**WHAT THE TASK ASKS**
Exactly and only the lines from the first entry through the line with "Caroll Blouse noir" should be copied, both ends included, with no pictures.
··· DATA EXTRACTS
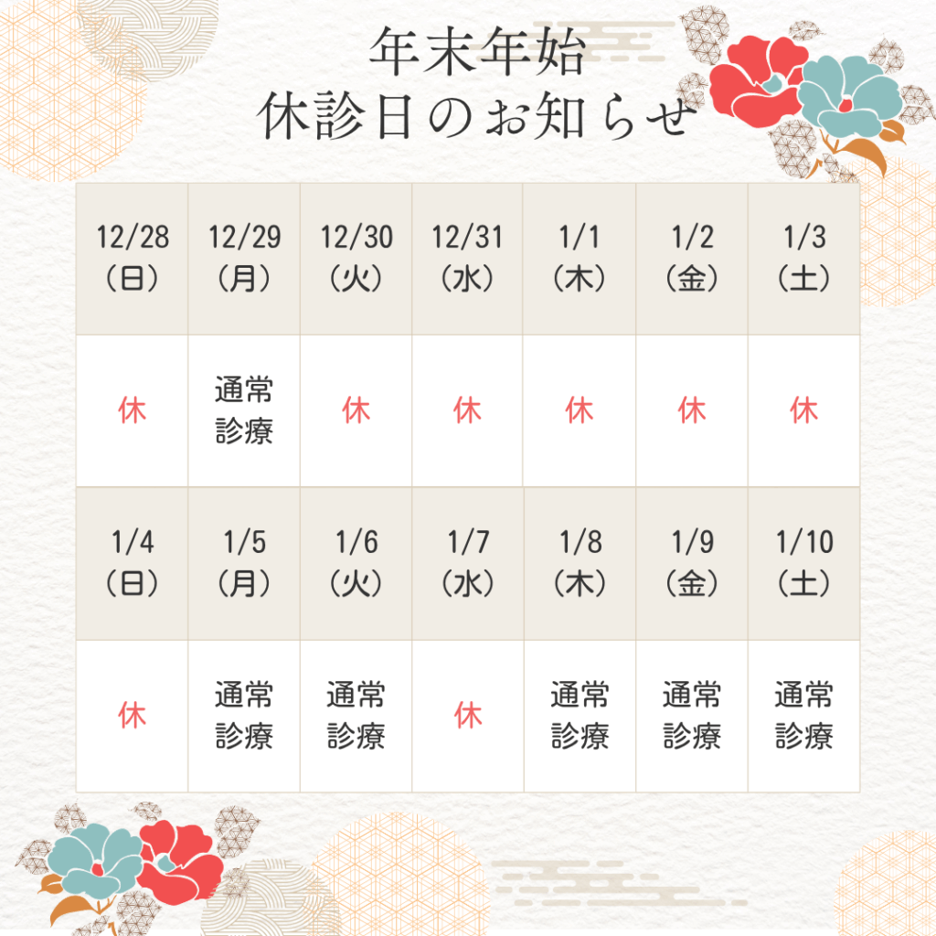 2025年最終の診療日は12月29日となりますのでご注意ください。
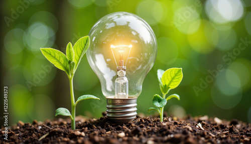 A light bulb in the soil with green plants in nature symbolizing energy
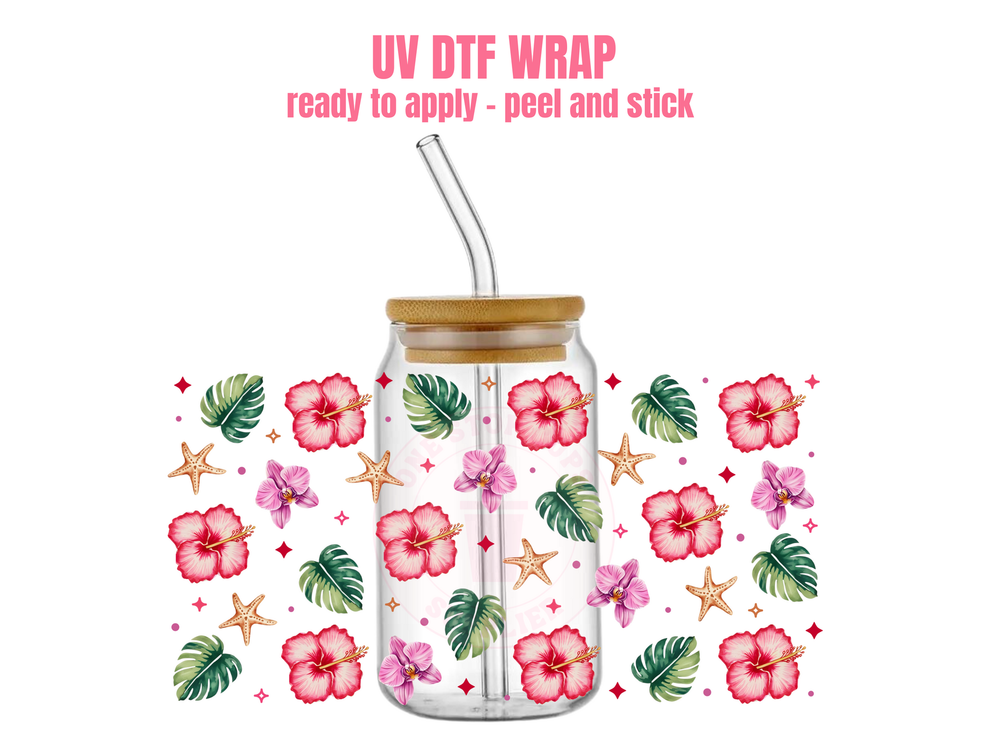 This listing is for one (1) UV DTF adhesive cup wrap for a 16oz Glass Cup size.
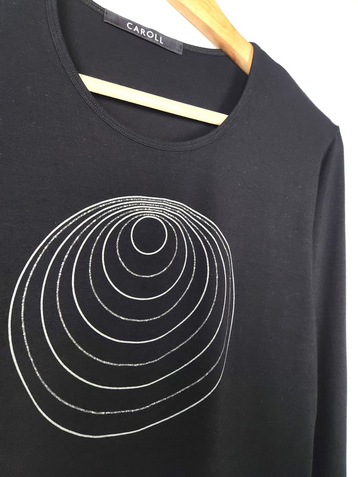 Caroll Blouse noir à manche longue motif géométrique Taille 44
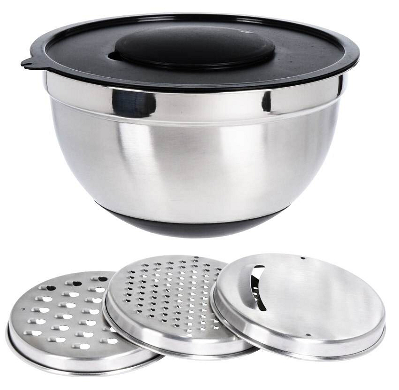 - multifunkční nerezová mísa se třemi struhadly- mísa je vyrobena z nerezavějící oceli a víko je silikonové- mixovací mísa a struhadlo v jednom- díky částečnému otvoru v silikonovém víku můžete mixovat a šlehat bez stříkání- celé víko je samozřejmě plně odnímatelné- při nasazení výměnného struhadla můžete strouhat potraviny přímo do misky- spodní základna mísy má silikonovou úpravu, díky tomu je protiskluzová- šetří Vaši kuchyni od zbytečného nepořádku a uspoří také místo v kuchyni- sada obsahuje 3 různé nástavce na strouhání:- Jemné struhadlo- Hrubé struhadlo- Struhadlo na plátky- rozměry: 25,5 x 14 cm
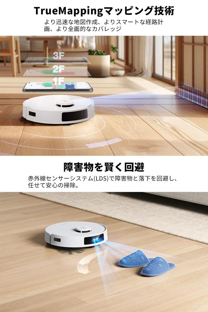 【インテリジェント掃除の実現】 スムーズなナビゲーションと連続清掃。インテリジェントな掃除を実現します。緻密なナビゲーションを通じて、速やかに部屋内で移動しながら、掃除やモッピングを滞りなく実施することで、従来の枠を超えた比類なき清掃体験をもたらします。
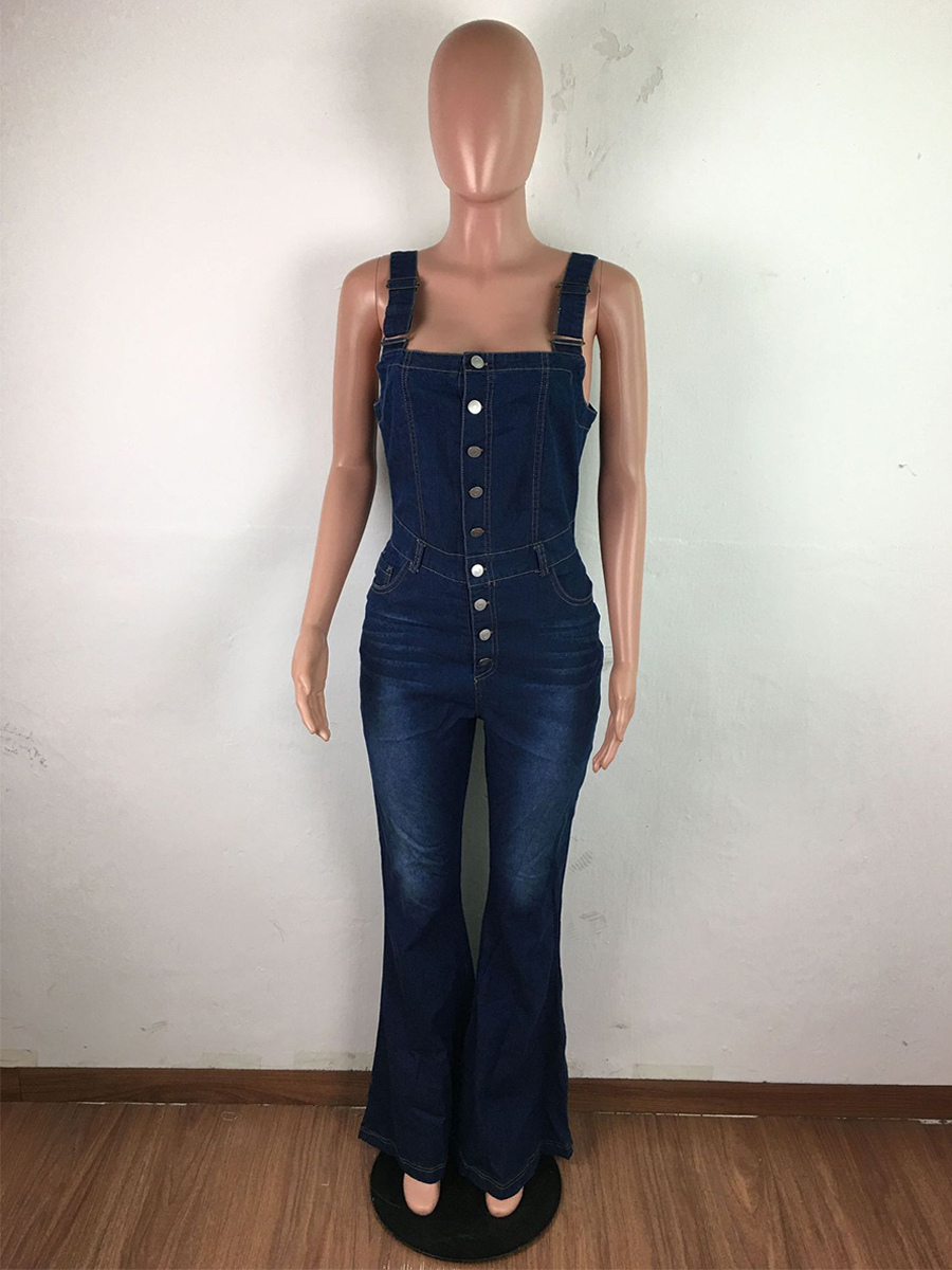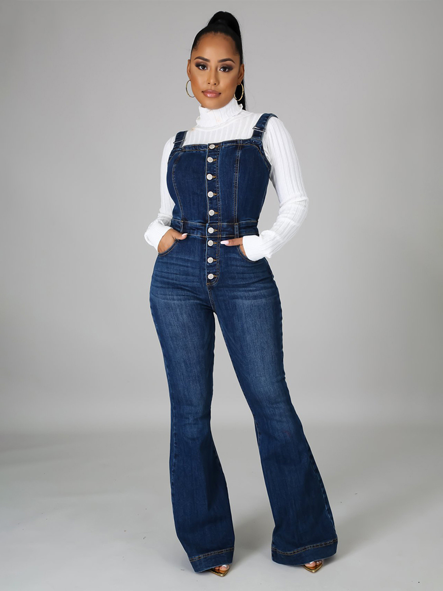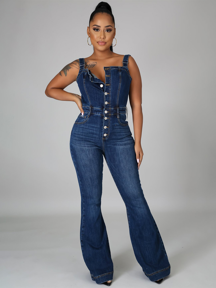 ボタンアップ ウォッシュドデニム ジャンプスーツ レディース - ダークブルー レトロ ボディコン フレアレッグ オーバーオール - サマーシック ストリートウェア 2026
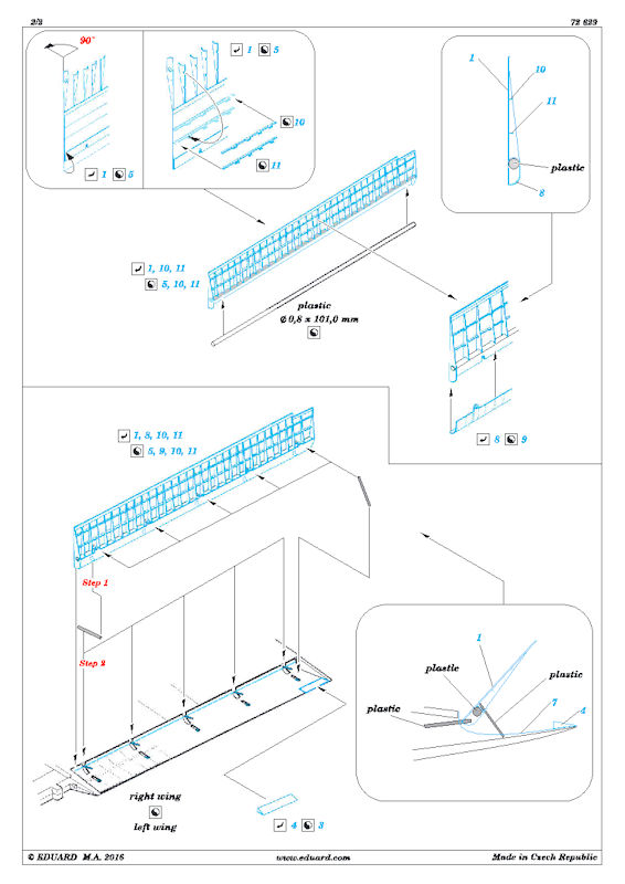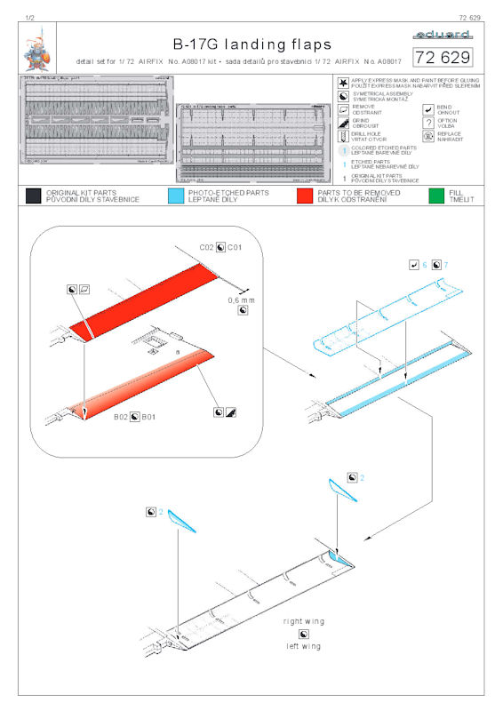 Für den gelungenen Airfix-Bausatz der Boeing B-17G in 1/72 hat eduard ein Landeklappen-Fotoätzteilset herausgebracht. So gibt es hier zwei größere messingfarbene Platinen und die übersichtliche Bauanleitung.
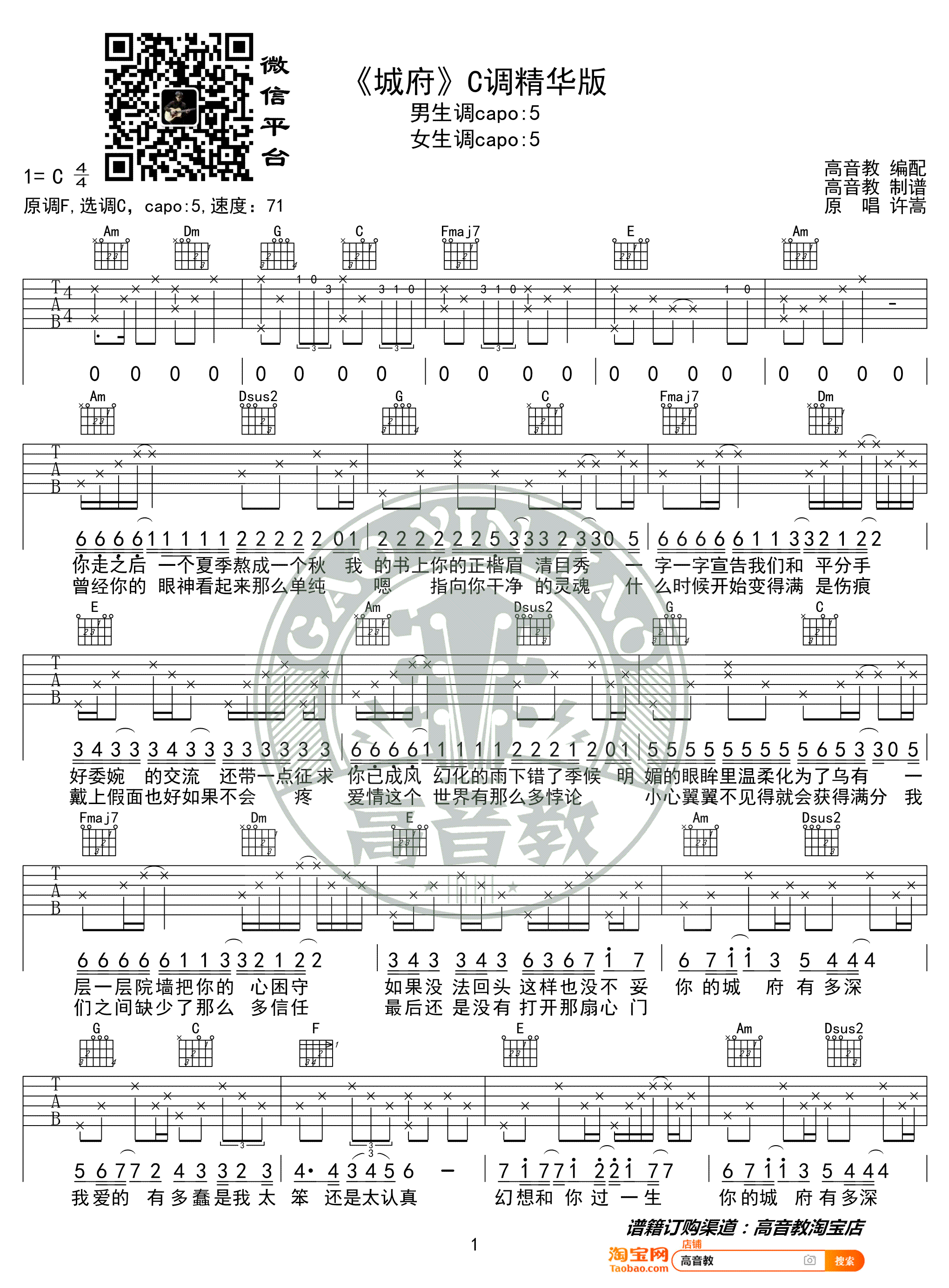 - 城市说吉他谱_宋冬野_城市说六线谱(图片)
······
**EXERCISE ANSWER**
 2025年最終の診療日は12月29日となりますのでご注意ください。
 A light bulb in the soil with green plants in nature symbolizing energy
 This listing is for one (1) UV DTF adhesive cup wrap for a 16oz Glass Cup size.
 Caroll Blouse noir à manche longue motif géométrique Taille 44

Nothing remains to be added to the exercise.